HANDLE_ERROR(cudaMalloc((void**)&dev_data2, size*sizeof(unsigned char)));
HANDLE_ERROR(cudaMalloc((void**)&dev_data_res, size*sizeof(int)));
HANDLE_ERROR(cudaMemcpy(dev_data1, img1_data, size*sizeof(unsigned char), cudaMemcpyHostToDevice));
HANDLE_ERROR(cudaMemcpy(dev_data2, img2_data, size*sizeof(unsigned char), cudaMemcpyHostToDevice));
HANDLE_ERROR(cudaMemcpy(dev_data_res, imgresult_data, size*sizeof(int), cudaMemcpyHostToDevice));
float time;
cudaEvent_t start, stop;
HANDLE_ERROR( cudaEventCreate(&start) );
HANDLE_ERROR( cudaEventCreate(&stop) );
HANDLE_ERROR( cudaEventRecord(start, 0) );
for(int m = 0; m < nb_loops ; m++)
{
diff<<<height, width>>>(dev_data1, dev_data2, dev_data_res);
}
HANDLE_ERROR( cudaEventRecord(stop, 0) );
HANDLE_ERROR( cudaEventSynchronize(stop) );
HANDLE_ERROR( cudaEventElapsedTime(&time, start, stop) );
HANDLE_ERROR(cudaMemcpy(imgresult_data, dev_data_res, size*sizeof(int), cudaMemcpyDeviceToHost));
printf("Time to generate: %4.4f ms \n", time/nb_loops);
break;
case CPU:
clock_t begin = clock(), diff;
for (int z=0; z<nb_loops; z++)
{
// Apply the difference between 2 images
for (int i = 0; i < height; i++)
{
tmp = i*imgresult_pitch;
for (int j = 0; j < width; j++)
{
imgresult_data[j + tmp] = (int) img2_data[j + tmp] - (int) img1_data[j + tmp];
}
}
}
diff = clock() - begin;
float msec = diff*1000/CLOCKS_PER_SEC;
msec = msec/nb_loops;
printf("Time taken %4.4f milliseconds", msec);
break;
}
And here is my kernel function:
__global__ void diff(unsigned char *data1 ,unsigned char *data2, int *data_res)
{
int row = blockIdx.x;
int col = threadIdx.x;
int v = col + row*blockDim.x;
if (row < MAX_H && col < MAX_W)
{
data_res[v] = (int) data2[v] - (int) data1[v];
}
}
I obtained these execution time for each one
CPU: 1,3210ms
GPU: 0,3229ms
I wonder why GPU result is not as lower as it should be. I am a beginner in Cuda so please be comprehensive if there are some classic errors.
EDIT1:
Thank you for your feedback. I tried to delete the 'if' condition from the kernel but it didn't change deeply my program execution time.

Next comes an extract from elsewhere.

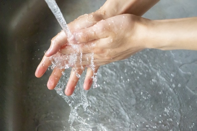 調べてみたら、手洗いなしでは100万個のウイルスがついています。流水で15秒手洗いしただけで1万個に減ります。石鹸を使って、10~30秒もみあらい、流水で15秒すすぐと、0.01%になります」

However, after having install Cuda profiler, it told me that my threads weren't running concurrently. I don't understand why I have this kind of message, but it seems true because I only have a 5 or 6 times faster application with GPU than with CPU. This ratio should be greater, because each thread is supposed to process one pixel concurrently to all the other ones. If you have an idea of what I am doing wrong, it would be hepful...
Flow.
Here are two things you could do which may improve the performance of your diff kernel:
1. Let each thread do more work
In your kernel, each thread handles just a single element; but having a thread do anything already has a bunch of overhead, at the block and the thread level, including obtaining the parameters, checking the condition and doing address arithmetic. Now, you could say "Oh, but the reads and writes take much more time then that; this overhead is negligible" - but you would be ignoring the fact, that the latency of these reads and writes is hidden by the presence of many other warps which may be scheduled to do their work.
So, let each thread process more than a single element. Say, 4, as each thread can easily read 4 bytes at once into a register. Or even 8 or 16; experiment with it. Of course you'll need to adjust your grid and block parameters accordingly.
2. "Restrict" your pointers
__restrict is not part of C++, but it is supported in CUDA. It tells the compiler that accesses through different pointers passed to the function never overlap. See:
What does the restrict keyword mean in C++?
Realistic usage of the C99 'restrict' keyword?
Using it allows the CUDA compiler to apply additional optimizations, e.g. loading or storing data via non-coherent cache. Indeed, this happens with your kernel although I haven't measured the effects.
3. Consider using a "SIMD" instruction
CUDA offers this intrinsic:
__device__ ​ unsigned int __vsubss4 ( unsigned int a, unsigned int b )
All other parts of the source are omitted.